- Born: 6 June 1902 Turin, Italy
- Died: 9 December 1997 (aged 95) Milan, Italy
- Known for: Taxonomy of Carabidae
- Scientific career
- Fields: Entomology

= Stefano Ludovico Straneo =

Italian entomologist (1902–1997)

Stefano Ludovico Straneo (also Lodovico) (Turin, 6 June 1902 – Milan, 9 December 1997) was an Italian entomologist, teacher, academic administrator and author.

Straneo's primary fields of interest were the beetles (Coleoptera), in particular the family of ground beetles (Carabidae, tribe Pterostichinae). He described 64 new genera and almost 1,200 new species. His collection, Coleoptera: Carabidae and Paussidae, is on display at the Museo Civico di Storia Naturale di Milano.

Straneo's father was a theoretical physicist and an acquaintance of Albert Einstein. He showed an early interest in biology and began collecting insects, eventually focusing on carabid beetles.

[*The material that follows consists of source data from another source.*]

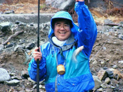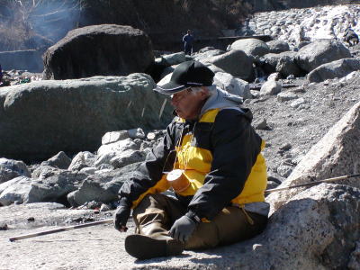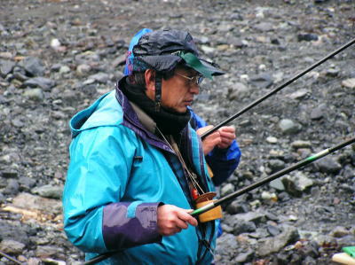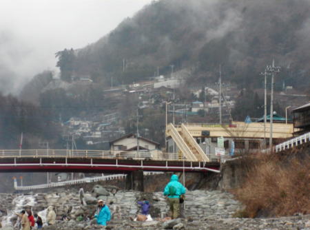 | 3月11日 | 岩魚 | 芦安.釜無川水系御勅使川. 小雨後晴 美濃羽,星野,斉藤,松村 第4回南アルプス市芦安渓流釣祭り 今年の芦安は全く残雪が認められなかった。鳳凰の降雪が激しくなるのは例年1月末から3月に掛けてになる。 芦安では1月5日の降雪が最後で.その後の積雪は減る一方で見られなくなっていた。 例年以上の暖冬は夜叉神峠まで車が入れる異常さ。ただ峠越えは林道の崩壊が激しく7月下旬になる見込み。 寒さを感せず2時,芦安に立つ。市の予算が極端に削られ,今年は河原の駐車場もなく,渓相は全く変わっていた。 源流に積雪が認められないせいか沢幅は狭まり,浅くポイントを探すのに苦労する。 3時.小雨はみぞれに変わった。右岸に移った本部,焚き火を囲むベンチに雪が積り.酒と火が恋しくなる。 上流から下って来た車の屋根には雪が積り,白さを増していた。 急に気温が下がった日陰の谷.日中は雨に打たれ寒さが身に沁みる釣りになった。 上流を望む芦安の集落初竿 6時半.本部前,仮渡り橋下.小さな落し込み淵下に川幅6m長さ8m程の淵がある。 深みは申し分なく浮石が流れを巻いていた。左岸に陣取り長タモラジオペンチ,替えバリを用意,初竿する。 竿15尺.目印3.先糸1m.と18cm程のヤマメが姿を現す。小さ過ぎる魚.引き込みは間々ある。 大イワナ 2投目.落とし込みで直ぐ,大きく竿が曲がり,走りだした尺イワナを両手で持ち,耐えるようヘチへと誘いだす。 ヘチへ引き摺る込めると考えたのが間違いだった。跳ねたイワナは痛恨にもハリスを切る。 H氏と食いはよい.40分が勝負。同じ場所に1投,2投と仕掛けを振り込んだ。いい調子にイワナ,ヤマメが掛かるが型は小さい。 どれもが20cm弱。呑み込んだハリはが以外と効果をあげた。早く外れ都合がよい。 再び弓なりとなった竿,待望の尺マス40cmは確実にタモに入る。その後の大イワナは凄かった。 両手で竿を支えるのが精一杯である。淵を大きく暴れ回る。姿を現しては潜るイワナ,タモが取れず。 助けの星野氏に頼み.2度目で45cmを取り込んだ。 落ち口での大イワナ1,大マス3を含め,1つの山場で10匹以上を確保する。 後半はブドウ虫でイワナ1匹釣り上げるもイクラがダントツによかった。 一息つき朝食を摂る手がかじかみ震える体に霧雨は止んだ。雲が切れ蒼空が頭上に被うがまだ陽差しは当たらないでいる。10時 熱いケンチン汗と熱燗が体を暖めた。 賞 星野氏に検量を勧められる。大会で大型から順次賞品が付く。今まで私には入賞がない。 昨年も名は呼ばれるも外されていた。 今回は大型イワナを確保.薦められるが釣りをする事が勝っていた。 斉藤氏がイワナ20cm強で飛び賞10位。私は間違いなく3位以内に入賞したと.星野氏は何時までも嘆いていた。 移動 魚は急激に食い気を落す。直ぐ上の淵に移動するも.8流し目で1匹程度となる。 他の太公望達も竿数の割り.揚がる率は低くなった。 食い渋りの中,熟練者は釣果を伸ばしている。釣る動作に卒がない。仕掛けを繊細にイクラは1個と助言を受ける。 先糸1m.道糸0.6.小さな針はマメ5しかなく.イクラ1個に仕掛けを替える。 丁寧に流し少し遅めに誘い,淀んだ所で間を開け誘う。見事にヤマメが掛かりだす。どれもが上アゴに掛かっている。 型はヤマメ.イワナ.共に20cm弱。間は長くなるも周りの釣り人を抜き,ダントツに拾いだす。 16cmは放流した。塵も積もればで数が10と伸びてきた。 下流,1昨年の場所に偵察にでる。夜半に覗いた淵は土砂に埋まり以外に浅かった。ライトでは分からぬ深さである。 ポイントを変えたのが幸いした。今回のポイントは本部前と昨年.一昨年の場所,日中橋下となる。 星野15.斉藤15.美濃羽10. 松村25.岩魚11.山女魚8.虹鱒6.(イワナ45cm.マス42.40,38cm.平均18cm) 今年は星野氏の友達も参加し賑やかな釣行となった。コンロを囲み彼等もよく呑んだ。 酒が呑めない美濃輪氏には申し訳ないが.午後には陽も谷に差しだした。 5千匹の魚型は昨年に続き20cm弱と小さ過ぎた。その為か参加者も少なく,規模も縮小したように思える。 東京は10時出発で道糸0.4とヤマメ5以下を持参するとよい。 交通,入漁料,食事,風呂@350,等含め¥12500 快晴の中.山を下りた。裾は梅が満開.聳える富士は秀麗さを保ち,奥秩父の頂稜は雪が少ない。 釜無川を隔てた八ケ岳連峰は雲が被るも裾野の雪は乏しく.残雪の岳を思わせられた。 H氏のいい顔 炊事?に精を出すS氏 お疲れ様.M氏天気 沿海州の低気圧(984hPa).寒冷前線が03〜09時にかけて北陸〜北日本を通過。 一方,関東の南にも発達中の低気圧(994hPa)で上空に強い寒気が南下.芦安にも疎らながら雪が舞う。 次第に冬型気圧配置に移行.雪が少ない北陸地方を中心に山雪型の降雪となった。 2日間で湯沢,藤原等の降雪量は1mを軽く超す。関東は例年の冷温に戻り,東京は最も遅い15日に初雪を記録した。 エルニーニョ現象が治まり? 例年の冷え込みが戻りだす。 11日.新川,境川フナ釣り. 境川石田のホソ,新川上流以外0が続出,浅草釣遊会 18日.新川,境川フナ釣り. T斉藤,新川カラオケ前9寸,5寸を含め12, 2
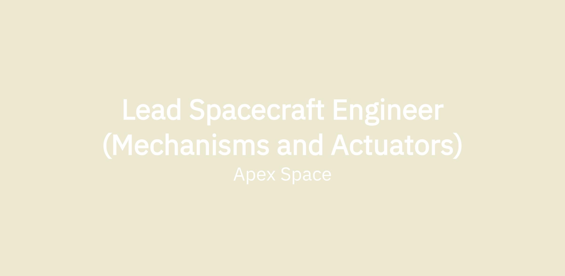 Apex is looking for a Lead Mechanisms and Actuators Engineer to support our current and next generation satellites. This person will own the design, development, and delivery of flight-critical spacecraft mechanisms from concept through on orbit operation. This role will drive architecture, analysis, hardware execution, and cross functional integration for mechanisms including deployables, actuators, and precision moving assemblies.
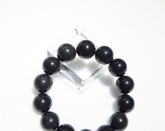 • AB1539 【限定入荷】 サヌカイト(讃岐岩) 14mm(14粒) ブレスレット
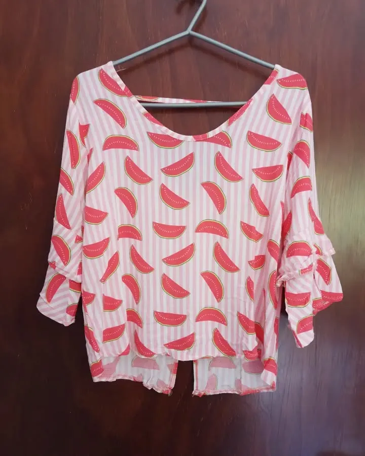 Remera linda y fresca con estampa de sandías y rayas rosas. Tiene mangas con volados y un corte abierto en la espalda. Ideal para el verano, para usar en la playa o para un look casual y divertido. Talle M. Medidas: axila a axila 45 cm, largo 50 cm. ... Comprando dos o más prendas, agrego otra prenda o accesorio de regalo!
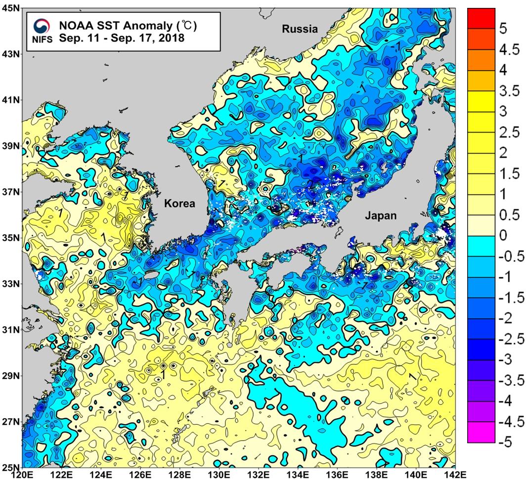 NOAA 위성영상 표면수온 평년편차 분포도 (2018. 09. 11 ~ 2018. 09. 17)

He published his first paper in 1933 and 238 more until 1995. He received the Italian Golden Medal for Distinguished Educator in Culture And Art in 1972.

==Works==

- 1984 - Two new species or Pterostichini (Coleoptera, Carabidae) in the collections of the Museum of Natural History of the Humboldt University of Berlin.
- 1984 - Un nuovo genere del Camerun della tribù Pterostichini (Coleoptera Carabidae).
- 1983 - Nuovi pterostichini asiatici (Coleoptera, Carabidae).
- 1984 - Un nuovo Pterostichus dell'Anatolia occidentale (Col., Carabidae).
- 1984 - Sul genere Amolopsa Beach (Coleoptera Carabidae).